InternBootcamp/internbootcamp/bootcamp/dcompletetripartite/dcompletetripartite.py

"""# 

### 谜题描述
You have a simple undirected graph consisting of n vertices and m edges. The graph doesn't contain self-loops, there is at most one edge between a pair of vertices. The given graph can be disconnected.

Let's make a definition.

Let v_1 and v_2 be two some nonempty subsets of vertices that do not intersect. Let f(v_{1}, v_{2}) be true if and only if all the conditions are satisfied:

  1. There are no edges with both endpoints in vertex set v_1. 
  2. There are no edges with both endpoints in vertex set v_2. 
  3. For every two vertices x and y such that x is in v_1 and y is in v_2, there is an edge between x and y. 

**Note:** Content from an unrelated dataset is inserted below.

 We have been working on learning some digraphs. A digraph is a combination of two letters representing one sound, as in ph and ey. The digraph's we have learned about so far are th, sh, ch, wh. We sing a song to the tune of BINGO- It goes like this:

Create three vertex sets (v_{1}, v_{2}, v_{3}) which satisfy the conditions below;

  1. All vertex sets should not be empty. 
  2. Each vertex should be assigned to only one vertex set. 
  3. f(v_{1}, v_{2}), f(v_{2}, v_{3}), f(v_{3}, v_{1}) are all true. 



Is it possible to create such three vertex sets? If it's possible, print matching vertex set for each vertex.

Input

The first line contains two integers n and m (3 ≤ n ≤ 10^{5}, 0 ≤ m ≤ min(3 ⋅ 10^{5}, (n(n-1))/(2))) — the number of vertices and edges in the graph.

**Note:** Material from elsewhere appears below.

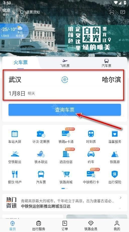 1.首先请在本网站下载并安装最新版的铁路12306应用,打开该软件进入首页后,选择您计划乘坐的车型,接着设置好出发地与目的地,选定出行时间,随后点击“查询车票”按钮即可。

The i-th of the next m lines contains two integers a_{i} and b_{i} (1 ≤ a_{i} < b_{i} ≤ n) — it means there is an edge between a_{i} and b_{i}. The graph doesn't contain self-loops, there is at most one edge between a pair of vertices. The given graph can be disconnected.

Output

If the answer exists, print n integers. i-th integer means the vertex set number (from 1 to 3) of i-th vertex. Otherwise, print -1.

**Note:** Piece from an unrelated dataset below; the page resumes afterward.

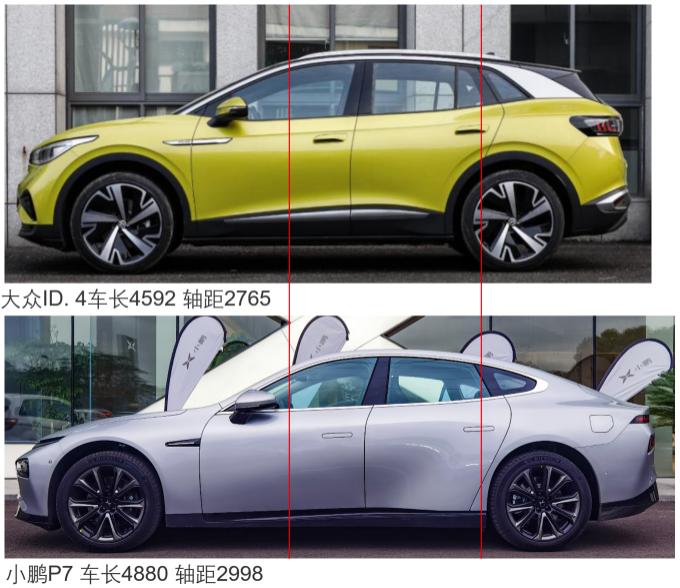 咱们做一个不太恰当但很直观的极端对比:以肉眼可见的方向盘位置与后排座椅位置作比较,我们可以发现车长4880的P7空间远小于车长4592的大众ID.4。大众汽车“小车大空间的实用性”特征,在过去几十年把国人吃得死死的。初出茅庐的小鹏P7,明知“自主品牌空间小是原罪”的道理,却敢反其道而行之。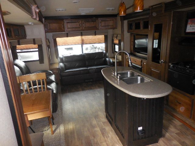 This 2014 Refection By Grand Design has a really nice layout with plenty of storage, Options include....Electric Landing Gear, 3 Slide-outs, 1 Ducted Roof A/C, Double Door Refrigerator, Main Awning, CD Radio, TV, DVD Player, Outside Shower, Microwave, 3 Burner Range, Oven and island kitchen. A quality built fifth wheel thats Perfect home away form home. Let's go RVing

If there are multiple answers, print any.

Examples

Input


6 11
1 2
1 3
1 4
1 5
1 6
2 4
2 5
2 6
3 4
3 5
3 6


Output


1 2 2 3 3 3 

Input


4 6
1 2
1 3
1 4
2 3
2 4
3 4


Output


-1

Note

In the first example, if v_{1} = \{ 1 \}, v_{2} = \{ 2, 3 \}, and v_{3} = \{ 4, 5, 6 \} then vertex sets will satisfy all conditions. But you can assign vertices to vertex sets in a different way; Other answers like \"2 3 3 1 1 1\" will be accepted as well.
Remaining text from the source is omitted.